The first question is, “What do you mean ‘we’, White Man?” It’s not like this is some huge group like San Francisco Zen Center. There’s really only me to train anyone. And I don’t really feel like I can train anyone to be a Zen teacher.

Here’s why.

To me the word “teacher training” implies that there is a course of study. And that this course of study has a specific time limit. And that undertaking this course of study would more-or-less guarantee you that you’d come out of it as a teacher of Zen if you managed not to bungle it too badly. And that this course of study would be comprehensible, in that it would be orderly and possible for anyone who applied (within reason) to complete.

So to me, “teacher training” would imply something like (but not necessarily exactly like) a course that any competent adult coul undertake, that would last (let’s say) three years, and that would grant you some sort of credentials at the end. I just can’t see myself doing that. Of course one should never say “never” as the saying goes. But right now I don’t feel like it applies to what I do.

It’s tempting though. Because I would certainly stand to make a busload more money if I set up a teacher training course and then authorized those to whom I grant credentials to start their own Dogen Sanghas throughout the world. I’d stand to collect the teaching fees and I would set up a lot of ready-made places at which I could lecture and collect donations. It also sounds like a good way to “spread the dharma.” Because all of these teachers would be out there spreading the good word of Buddha just as I taught them.

Or would they? See. That’s where I start getting nervous. I’m not sure I want a whole load of people out in random locations waving around certificates signed by me telling people they’re training them in the Brad Warner Method of Zen (or whatever). It just sounds iffy.

Besides that, to me, Zen is about finding your own way, not about imitating my way. My way will not work for anyone else. The best I can do is be an example of someone who has found his own way and, in so doing, become an encouragement to others to try to do the same.

There are aspects of Zen that can be taught.

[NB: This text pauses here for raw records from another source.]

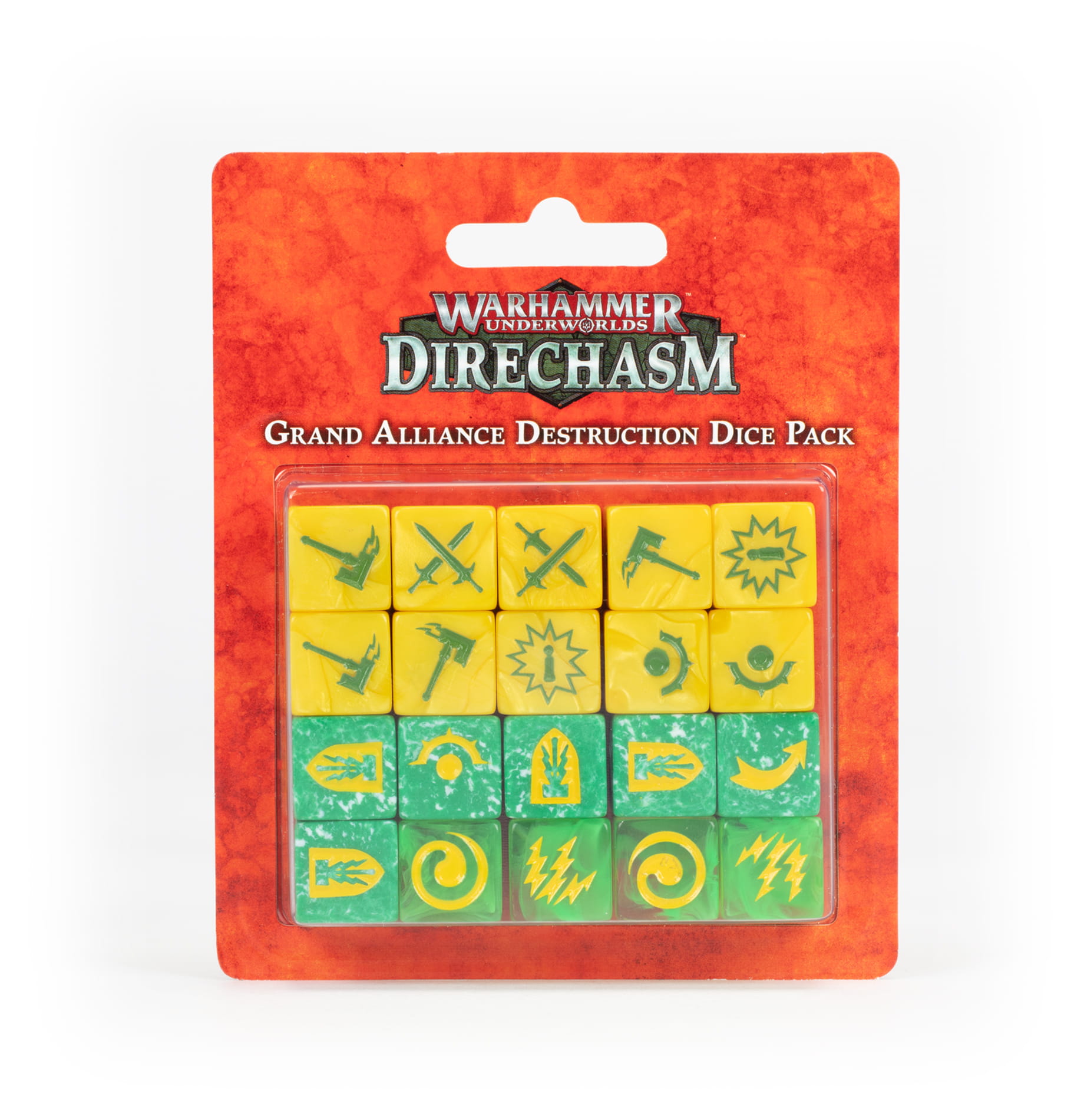 Show your loyalty to the Grand Alliance Destruction with these dice for Warhammer Underworlds. This pack contains all of the dice that you need to play the game as you seek to loot, ransack, and destroy Direchasm.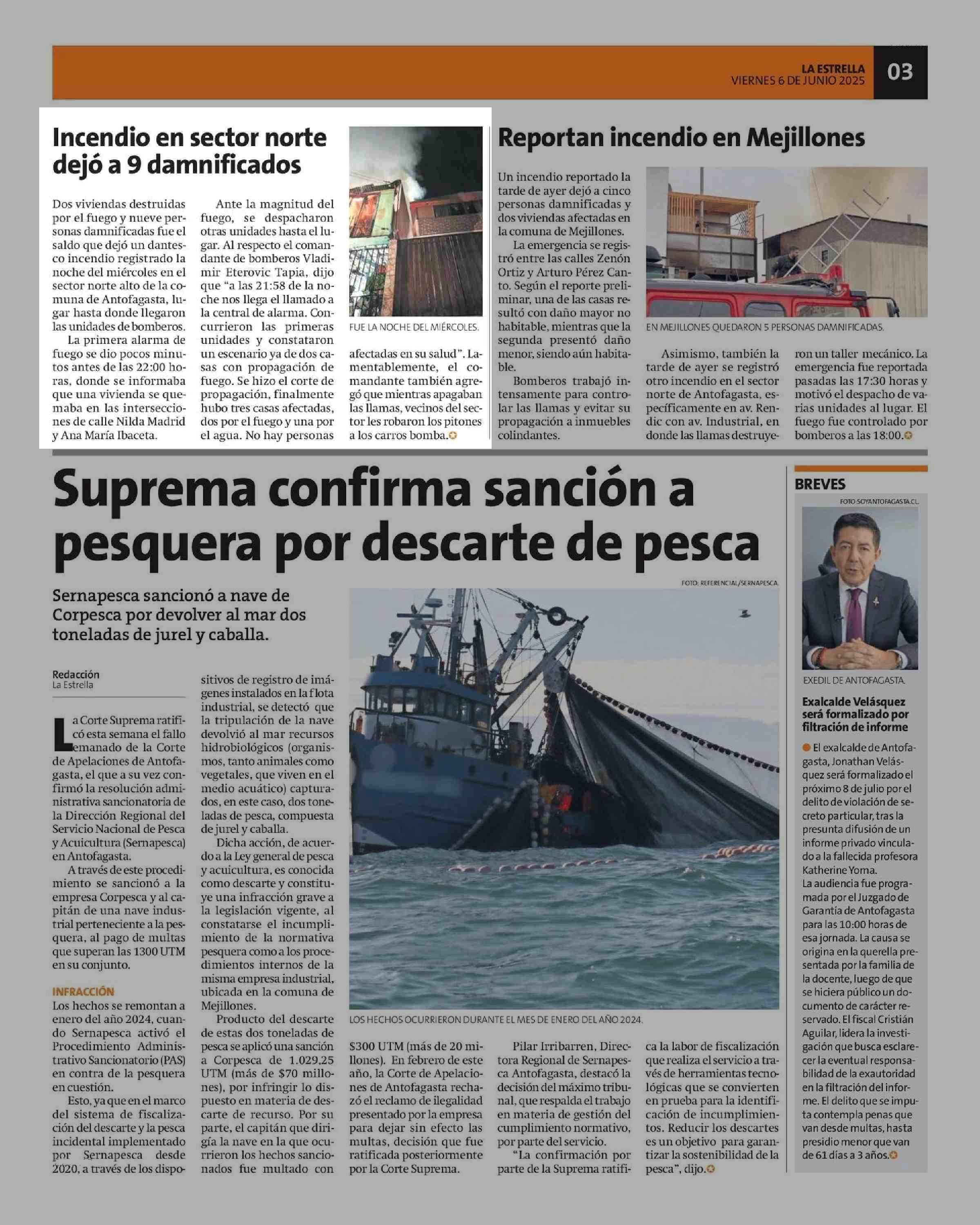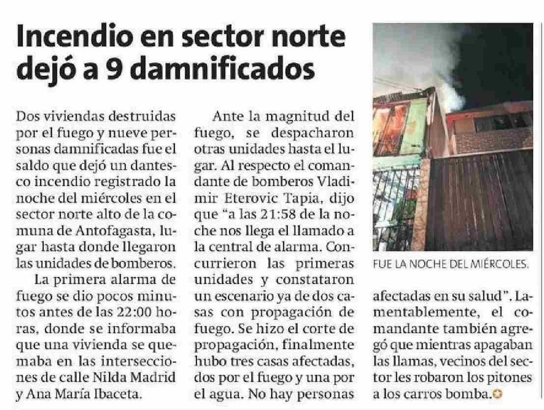 Incendio en sector norte dejó a 9 damnificados 06-06-2025 La Estrella de Antofagasta |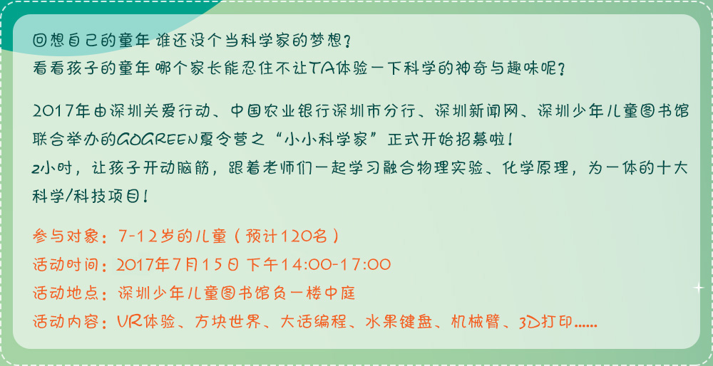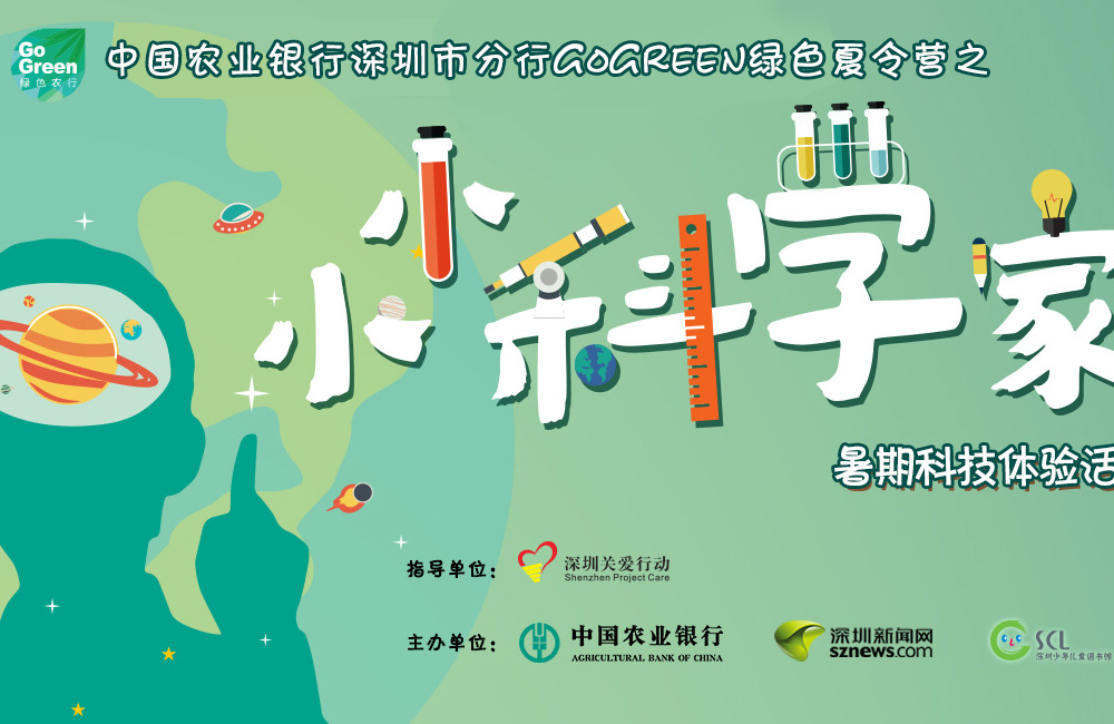 GO GREEN綠色夏令營之“小小科學(xué)家”活動由深圳市關(guān)愛辦、中國農(nóng)業(yè)銀行深圳市分行、深圳新聞網(wǎng)、深圳市少年兒童圖書館聯(lián)合舉辦。2個小時的活動,讓孩子開動腦筋,跟著老師學(xué)習(xí)融合物理實驗、化學(xué)原理,為一體的十大科學(xué)/科技項目。[詳細(xì)]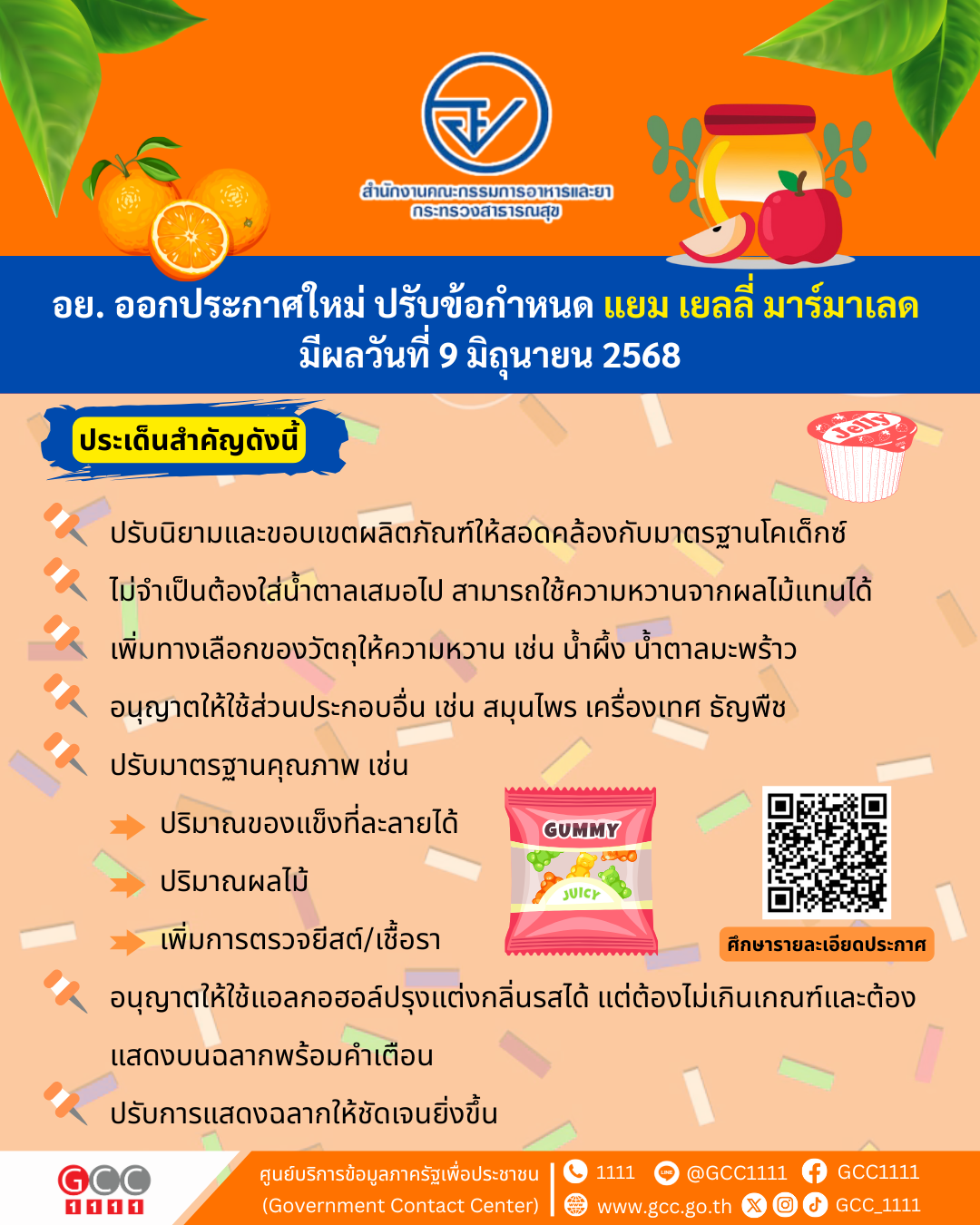 สำนักงานคณะกรรมการอาหารและยา ออกกฎหมายใหม่ ปรับข้อกำหนด แยม-เยลลี่-มาร์มาเลด ให้สอดคล้องมาตรฐานโคเด็กซ์ เพิ่มทางเลือกความหวานและส่วนประกอบ และปรับการแสดงฉลาก โดยมีผลวันที่ 9 มิถุยายน 2568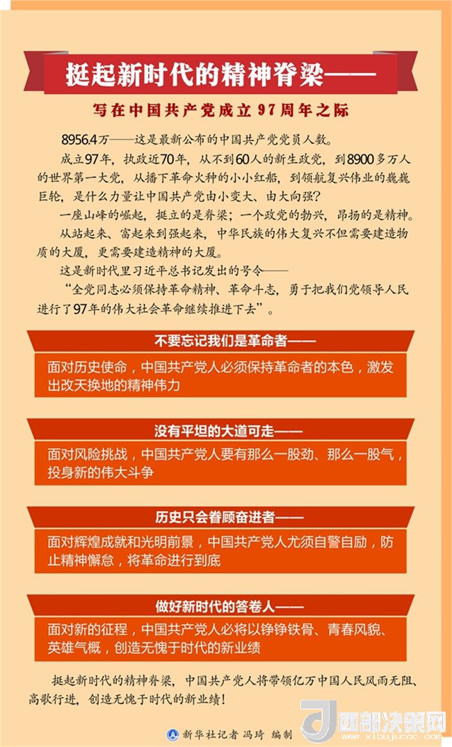 挺起新時代的精神脊梁,中國共產(chǎn)黨人將帶領(lǐng)億萬中國人民風(fēng)雨無阻、高歌行進,創(chuàng)造無愧于時代的新業(yè)績?。ㄓ浾撸黑w承、詹勇、張曉松、謝良、周文林、陳煒偉、朱基釵、吳晶、姜瀟、王卓倫、榮啟涵)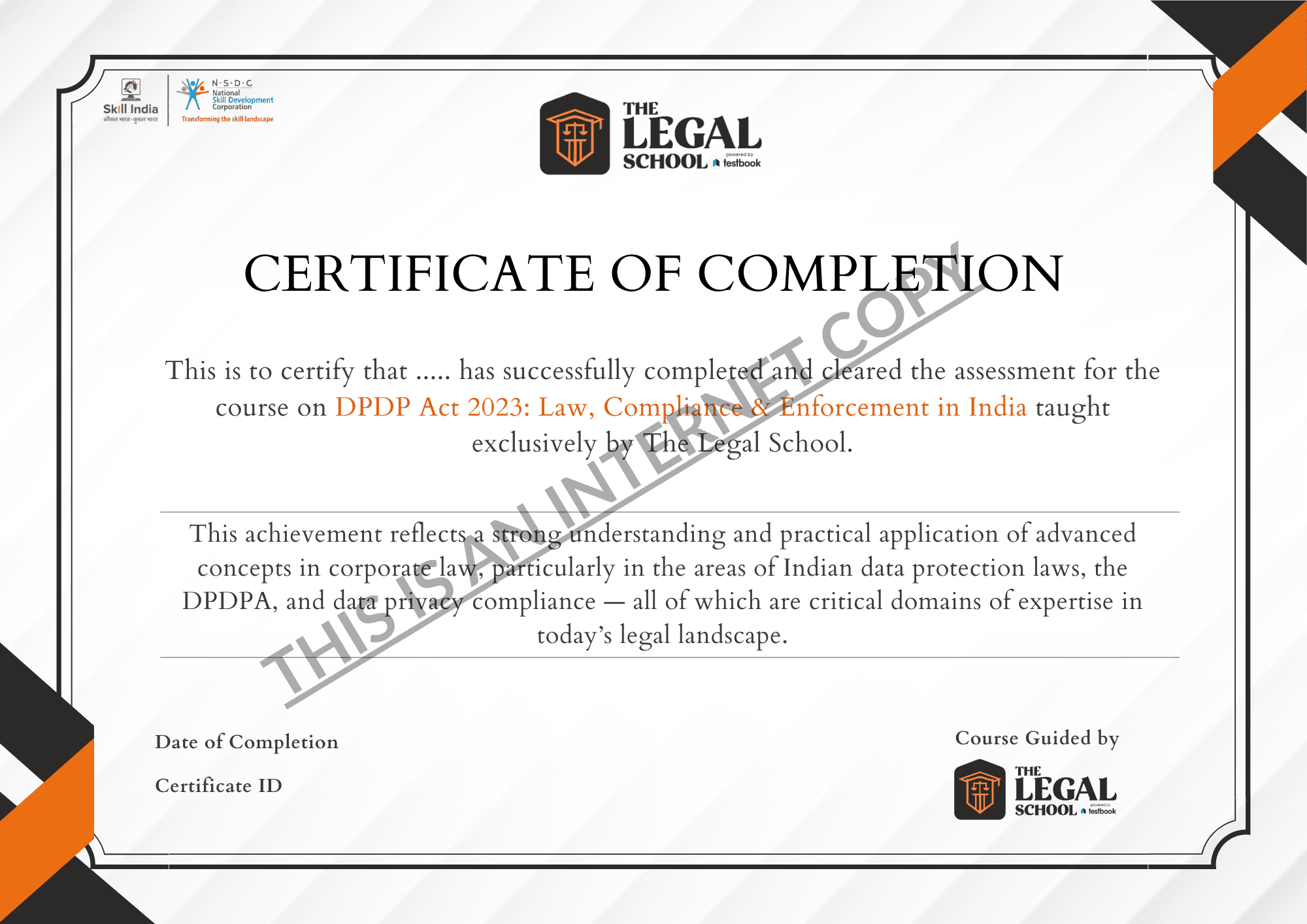 Earn a prestigious Certificate of Achievement for completing the comprehensive course on DPDP Act 2023: Law, Compliance & Enforcement in India. Curated with guidance from industry experts and taught exclusively by The Legal School, this certification validates your advanced understanding and practical expertise in data privacy, compliance, and global regulatory frameworks. Proudly showcase this credential as a mark of excellence in your legal career and stand out in the ever-evolving field of data protection.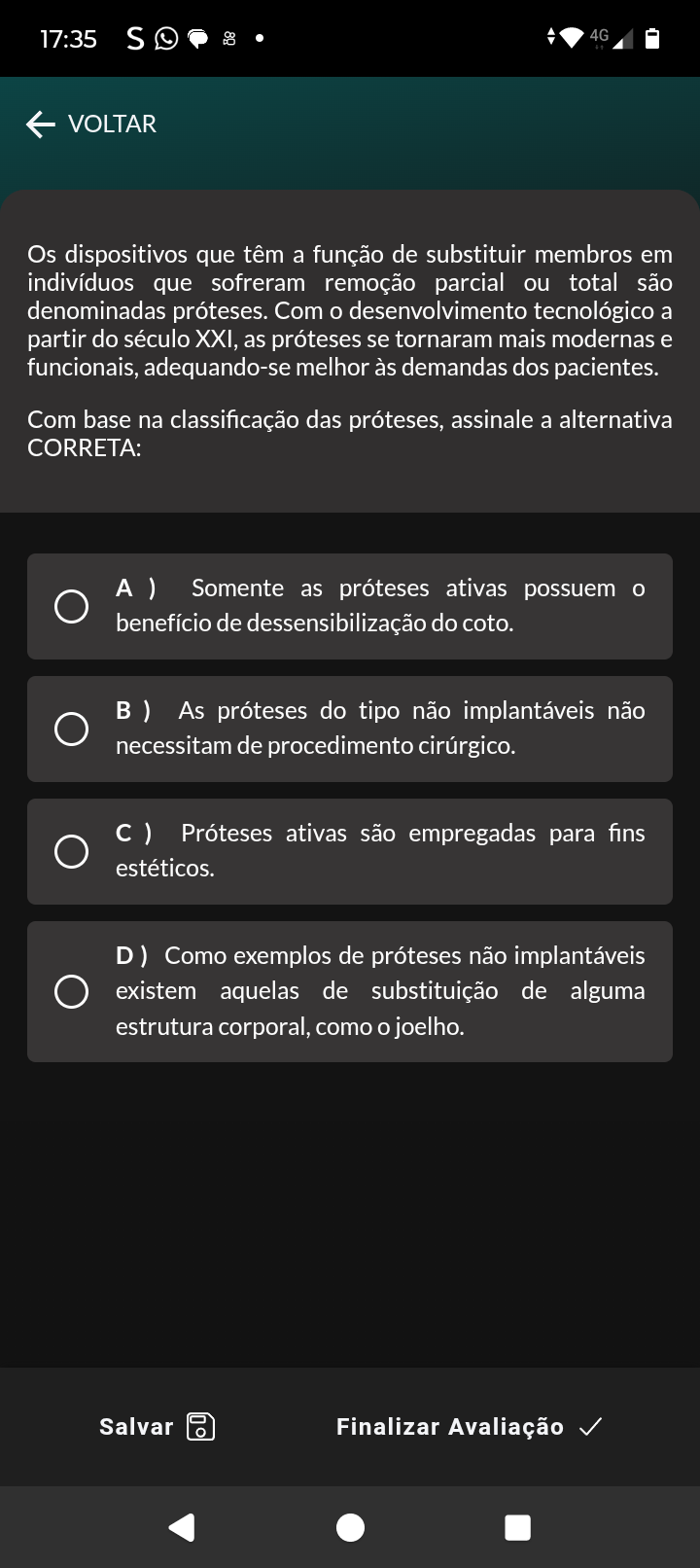 17:35 S 4G VOLTAR Os dispositivos que têm a função de substituir membros em indivíduos que sofreram remoção parcial ou total são denominadas próteses. Com desenvolvimento tecnológico a partir do século XXI, as próteses se tornaram mais modernas e funcionais, adequando-se melhor às demandas dos pacientes. Com base na classificação das próteses, assinale a alternativa CORRETA: A ) Somente as próteses ativas possuem benefício de dessensibilização do coto. B) As próteses do tipo não implantáveis não necessitam de procedimento cirúrgico. Próteses ativas são empregadas para fins estéticos. D) Como exemplos de próteses não implantáveis existem aquelas de substituição de alguma estrutura corporal, como joelho. Salvar Finalizar Avaliação

You can teach people how to run a ceremony. You can teach people how to understand the sutras a little better by giving them the historical background and so forth. You can show people how to do zazen. There are a lot of things that can be conveyed in this way. But I’m not sure you can teach anyone how to be a Zen teacher. Or if you can, I wouldn’t know how to do it.

I did not go through teacher training myself. I stayed with a teacher for a long time and then one day he got the silly notion in his fool head that I ought to be a Zen teacher — that I was already a Zen teacher and had not yet assumed that responsibility. But Nishijima Roshi never taught me how to teach Zen, let alone taught me how to teach anyone else to teach Zen.

Teacher training, teacher training, teacher training…. I just keep turning the words over in my head and I can’t make much sense of them, at least as they might apply to me.

I dunno. Maybe I’ll figure it out one of these days.


You can donate to help Brad figure it out one of these days.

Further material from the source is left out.